╔══

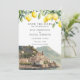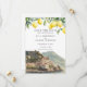Este convite de save the date de casamento elegante, com limões aquarela e uma cena da costa Amalfi Itália pode ser personalizado com suas informações em tipografia sofisticada. Criado por Thisisnotme©
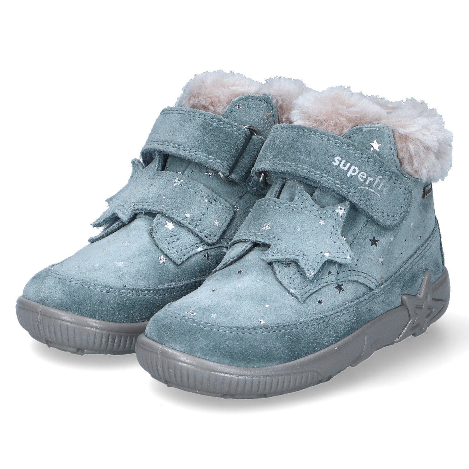 Superfit Mädchen Stiefeletten STARLIGHT Türkis Leder-Textil-Synthetik-Mix - wasserfest und atmungsaktiv (GORE-TEX) - Anziehlasche - glänzende Sterne - zwei Klettverschlussriemen (unterer mit Sternenform) - dezent Markendetails - verstärkter Zehen- und Fersenbereich - warmes Textilfutter - gepolsterte Wechseldecksohle - flexible, rutschhemmende Laufsohle mit leichtem Profil
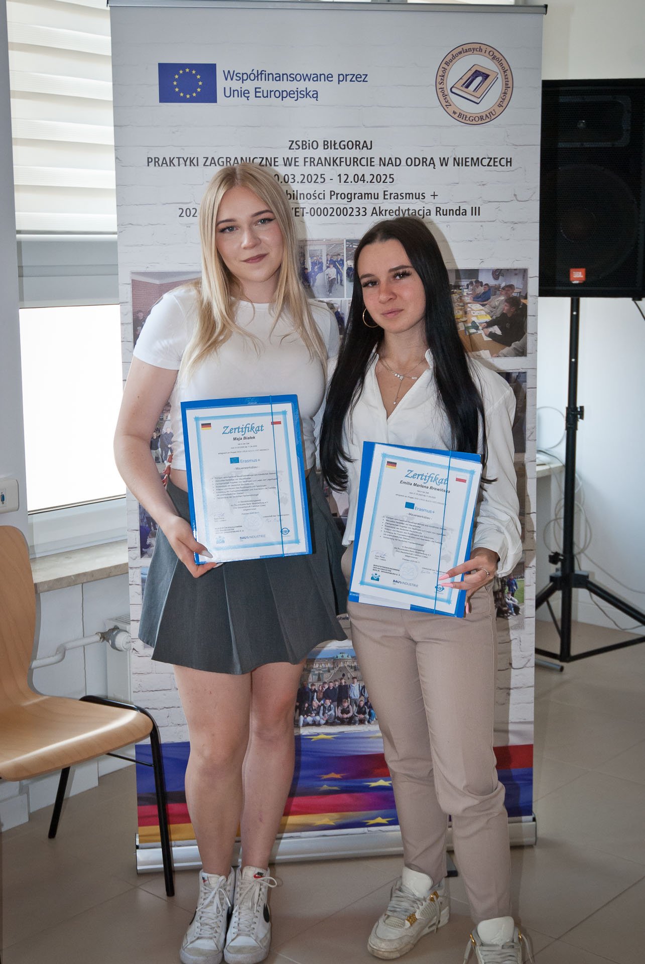 Po zakończonych praktykach wszyscy uczestnicy otrzymali Certyfikaty potwierdzające nabycie kompetencji zawodowych oraz umiejętności posługiwania się specjalistycznym słownictwem technicznym w języku niemieckim.

╚══

### [WORK REQUIRED]
Retype precisely, and only, the lines from the one holding "Superfit Mädchen Stiefeletten" through the final line of the data above, with the pictures omitted.

### [RESPONSE AREA]
 Superfit Mädchen Stiefeletten STARLIGHT Türkis Leder-Textil-Synthetik-Mix - wasserfest und atmungsaktiv (GORE-TEX) - Anziehlasche - glänzende Sterne - zwei Klettverschlussriemen (unterer mit Sternenform) - dezent Markendetails - verstärkter Zehen- und Fersenbereich - warmes Textilfutter - gepolsterte Wechseldecksohle - flexible, rutschhemmende Laufsohle mit leichtem Profil
 Po zakończonych praktykach wszyscy uczestnicy otrzymali Certyfikaty potwierdzające nabycie kompetencji zawodowych oraz umiejętności posługiwania się specjalistycznym słownictwem technicznym w języku niemieckim.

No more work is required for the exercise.